Bob Herbert recently wrote a column in the New York Times titled, “Arrested While Grieving.” He tells of how, on May 21, about three dozen youths in the Bushwick section of Brooklyn were walking in a group, traveling to a wake for a teenage friend who had been murdered. But they never made it; instead, the cops swooped in and arrested 36 people, charging them with “unlawful assembly.”
Leana Matia, an 18-year-old student at John Jay College, told Bob Herbert: “We were walking toward the train station to take the L train when all these cops just swooped in on us… They cursed us out and pushed the guys. And then they handcuffed us. We kept asking, ‘What are you doing?’ ” A parent who tried to explain that there was no disturbance was told to be quiet or she too would be arrested.

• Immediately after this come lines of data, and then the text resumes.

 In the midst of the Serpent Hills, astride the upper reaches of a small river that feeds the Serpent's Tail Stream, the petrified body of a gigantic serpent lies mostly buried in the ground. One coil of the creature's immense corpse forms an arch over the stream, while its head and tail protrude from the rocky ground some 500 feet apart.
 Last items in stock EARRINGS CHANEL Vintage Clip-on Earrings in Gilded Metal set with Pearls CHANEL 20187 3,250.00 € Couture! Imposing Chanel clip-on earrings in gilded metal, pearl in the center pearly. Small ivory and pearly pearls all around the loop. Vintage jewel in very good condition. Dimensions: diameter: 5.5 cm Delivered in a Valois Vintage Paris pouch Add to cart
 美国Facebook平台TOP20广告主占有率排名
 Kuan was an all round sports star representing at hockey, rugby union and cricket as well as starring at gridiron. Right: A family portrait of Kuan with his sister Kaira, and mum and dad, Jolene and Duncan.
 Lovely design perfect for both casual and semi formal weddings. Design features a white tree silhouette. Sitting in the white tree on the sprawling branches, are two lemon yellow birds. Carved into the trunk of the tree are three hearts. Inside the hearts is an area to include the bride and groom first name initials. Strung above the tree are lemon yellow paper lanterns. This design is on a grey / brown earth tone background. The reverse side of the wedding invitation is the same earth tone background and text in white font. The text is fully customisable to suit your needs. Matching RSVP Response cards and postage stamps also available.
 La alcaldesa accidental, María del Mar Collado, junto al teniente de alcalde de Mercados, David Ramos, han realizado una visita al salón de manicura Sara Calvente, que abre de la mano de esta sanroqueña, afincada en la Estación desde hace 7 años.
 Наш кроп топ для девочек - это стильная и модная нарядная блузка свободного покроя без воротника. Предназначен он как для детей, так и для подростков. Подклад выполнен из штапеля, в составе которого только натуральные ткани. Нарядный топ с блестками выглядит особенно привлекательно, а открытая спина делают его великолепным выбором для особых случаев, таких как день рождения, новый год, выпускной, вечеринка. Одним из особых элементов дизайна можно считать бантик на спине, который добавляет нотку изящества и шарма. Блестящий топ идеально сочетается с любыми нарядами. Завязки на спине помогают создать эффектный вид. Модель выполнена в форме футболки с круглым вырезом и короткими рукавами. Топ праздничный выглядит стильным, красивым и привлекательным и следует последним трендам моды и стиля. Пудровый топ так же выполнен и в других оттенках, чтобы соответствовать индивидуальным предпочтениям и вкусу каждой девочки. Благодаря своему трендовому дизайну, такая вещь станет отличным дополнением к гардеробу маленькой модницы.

The police told a story that the youths were blocking traffic and causing a scene. But Bob Herbert interviewed youths and a parent who was with them: “Every account that I was able to find described a large group of youngsters, very sad and downcast about the loss of their friend, walking peacefully toward the station.” The fact that some of the youths were wearing t-shirts with the picture of their friend and the words “RIP Fresh” on them, was used by the cops as supposed evidence of gang membership, and used to justify the humiliation they visited upon these youth.
Think about what was done to these youth, some of whom are as young as 13, being searched, humiliated, and arrested, for doing nothing at all, who were robbed of the chance to gather together to mourn the loss of a young friend.
The principal of Bushwick Community High, Tira Randall, told Bob Herbert, “My kids come in here on a daily basis with stories about harassment by the police. They’re not making these stories up.”